The deal is that we just want a list with one element: the database of
the connection.  Wouldn't it be more natural to assign the database
name here using PQdb(conn)?  Then add an assertion at the top of
run_reindex_command() checking for a non-NULL name?

> I considered this, but it would require to adapt all code that declare
> SimpleStringList stack variable (vacuumdb.c, clusterdb.c,
> createuser.c, pg_dumpall.c and pg_dump.c), so it looked like too much
> trouble to avoid 2 local variables here and 1 in vacuumdb.c.  I don't
> have a strong opinion here, so I can go for it if you prefer.

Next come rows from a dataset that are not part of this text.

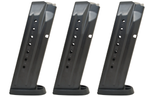
THREE MAGAZINES INCLUDED 17 Round - SKU: 194400000 UPC: 022188127942

Accepts Crimson Trace®, Trijicon®, Leupold®, Delta Point Pro, J-Point, Docter, C-MORE, Insight® and Nikon®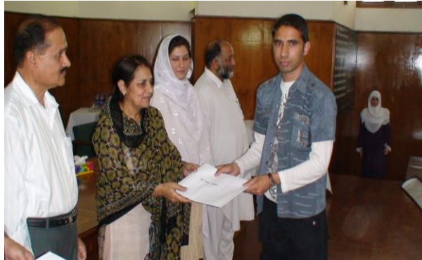
Chairperson Environmental Sciences Deptt, University of Peshawar awarding certificate to the participants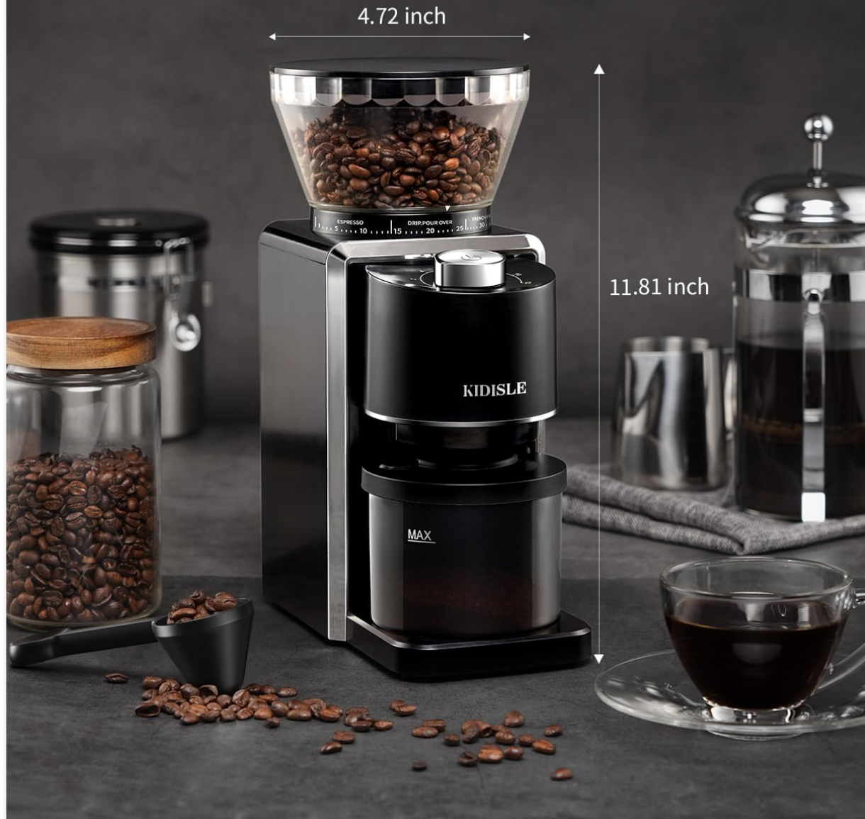
Image: The KIDISLE coffee grinder showcasing its compact dimensions on a kitchen counter.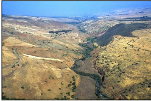
Jordan River in the South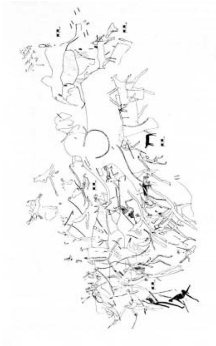
Figure 8: Copy of the tracing of Panel 2 showing the elephant hunt scene (Loubser 1993: 356)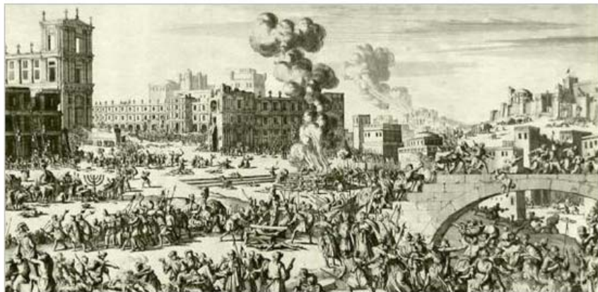
A 1690 copper engraving of Antiochus IV Epiphanes’s destruction of Jerusalem and ransacking of the Temple in 167 B.C.

The former day(s) of Daniel 8:9: Antiochus III the Great and Antiochus IV Epiphanes of the Syrian Seleucid Empire fulfilled Daniel 8:9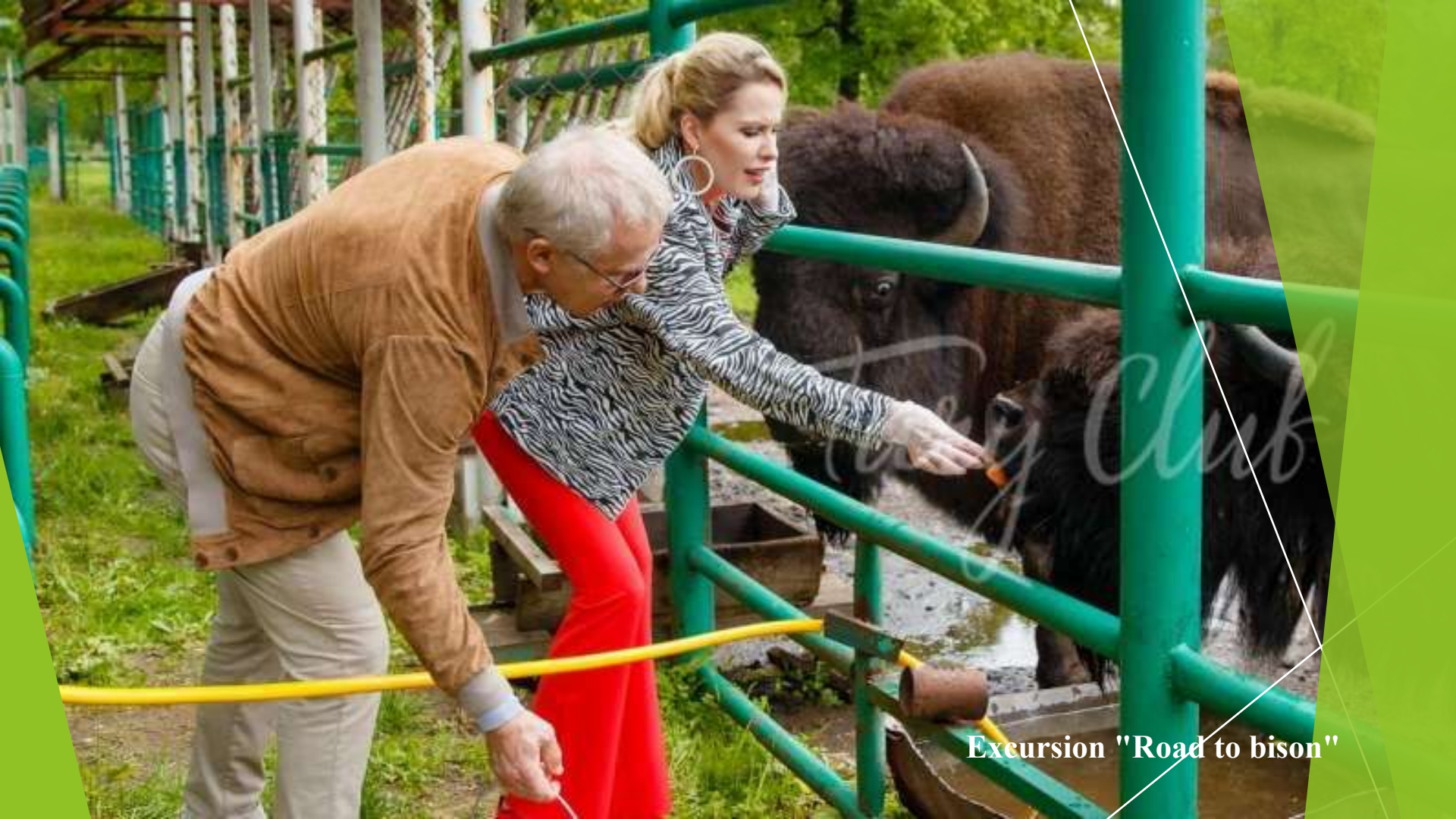
Excursion "Road to bison"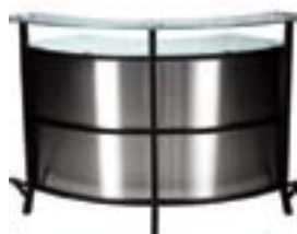
BT450 MANHATTAN BAR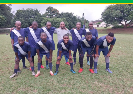
Mbongolwane Hospital got position two at Eshowe Hospital 2023 Healthy Life style games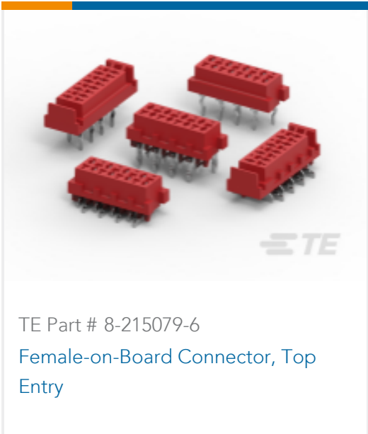
TE Part # 8-215079-6 Female-on-Board Connector, Top Entry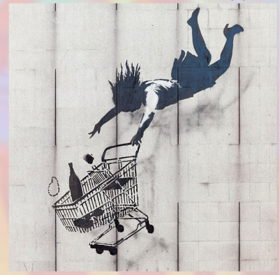
Banksy, "Shop Until You Drop"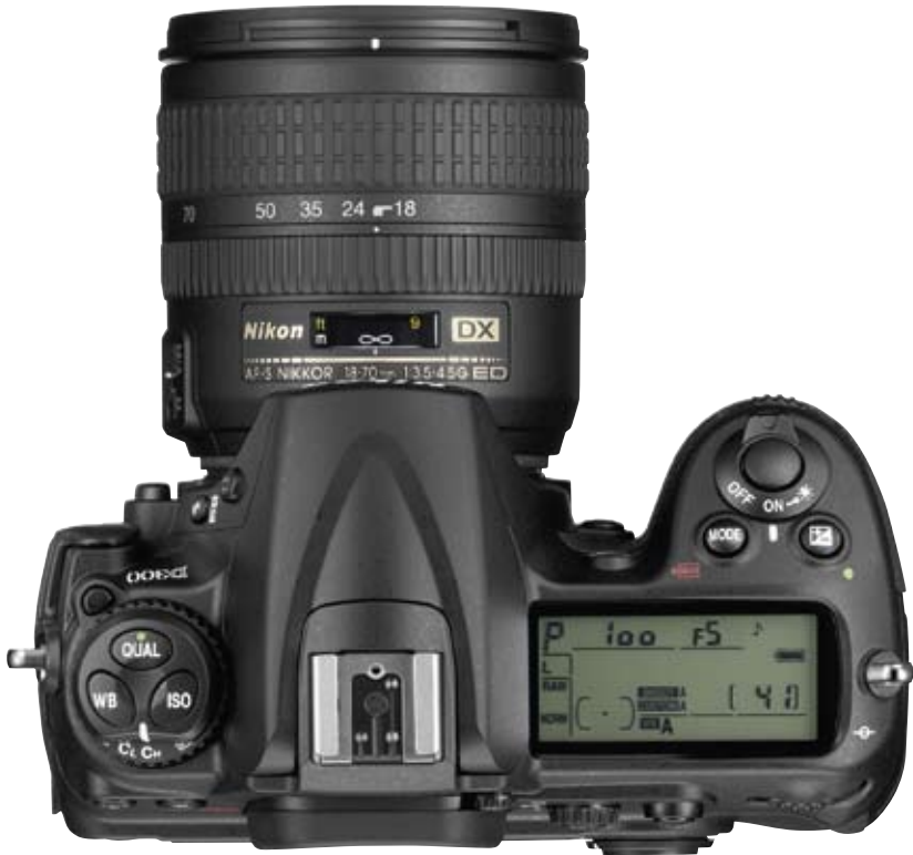
Figure 3 – Nikon D300 Top View with Nikkor 18-70mm f/3.5-4.5G Lens

Instead of simply reviewing the D300, I'd like to discuss only the new things I've found. These things are interesting for people who enjoy camera technology. Figure 3 shows my favorite view of a D300.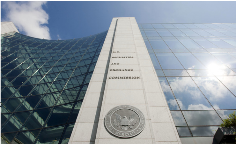
SEC headquarters in Washington.

(http://www.thinkadvisor.com/2018/06/25/sec-issues-updated-faq-on-custody-rule/)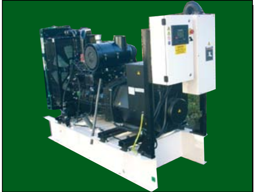
Genset photograph may include optional extras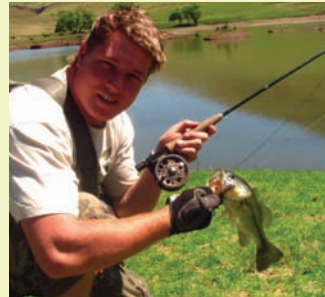
Enjoy Bass or Trout fishing

If you enjoy fishing, you've come to the right place. Many rivers offer wild trout fishing and some dams in the area are stocked with both rainbow and brown trout.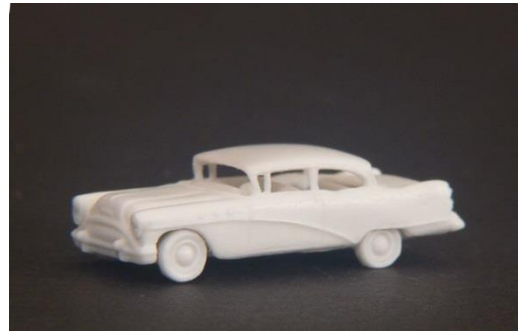
1954 Buick 2 door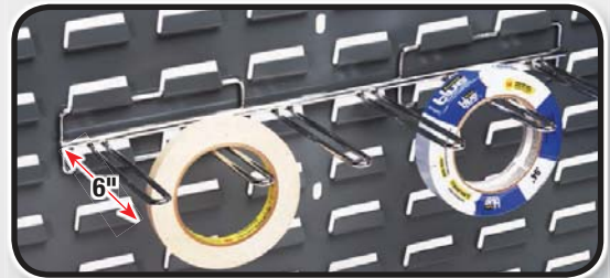
WS-HTH Horizontal Tape/Reel Holder 25 lb. load capacity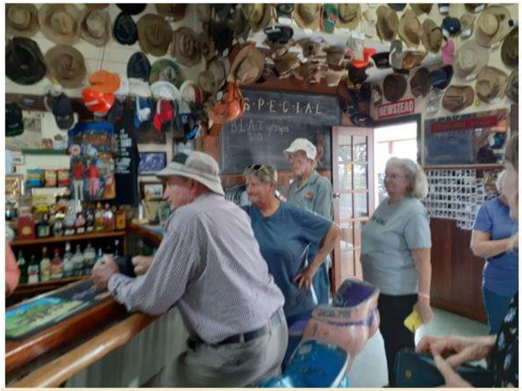
Thirsty travellers at the Wellshot Hotel, Ilfracombe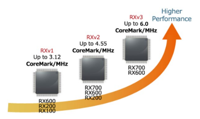
Figure 1-2 Comparison of RXv1 Core, RXv2 Core, and RXv3 Core

Measured in combination with RXv3, the CC-RX V3 has achieved industry-leading performance of 6.0 CoreMark/MHz.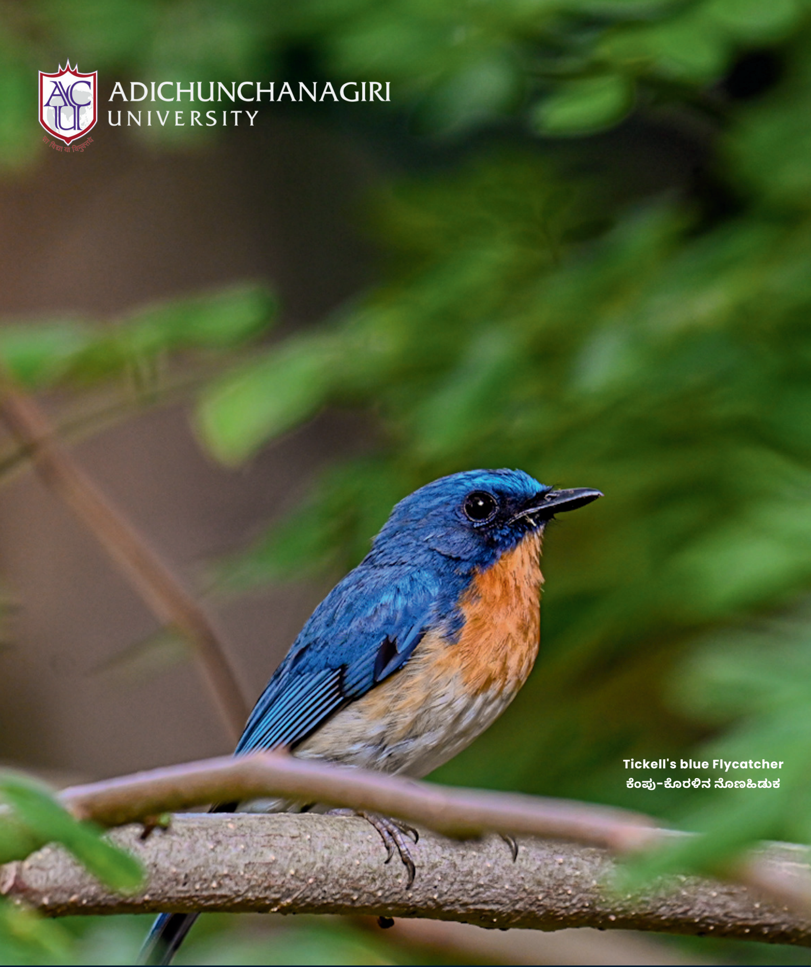
Tickell's blue Flycatcher ಕೆಂಪು-ಕೊರಳಿನ ನೊಣಹಿಡುಕೆ

Adichunchanagiri University is a sprawling 67-acre campus home to over 4,585 trees, which produce a whopping 99.75% of the oxygen in the area every year and also provides shelter for 36 different bird species, 4 butterfly species, and 6 different types of snakes

Okay.  This is a tad wider than the original patch proposal, and this
adds two lines.  So let's discard that for now and keep it simple.

>> +$node->issues_sql_like([qw(reindexdb -j2)],
>> +   qr/statement: REINDEX TABLE public.test1/,
>> +   'Global and parallel reindex will issue per-table REINDEX');
>> Would it make sense to have some tests for schemas here?
>>
>> One of my comments in [1] has not been answered.  What about
>> the decomposition of a list of schemas into a list of tables when
>> using the parallel mode?
> 
> I did that in attached v6, and added suitable regression tests.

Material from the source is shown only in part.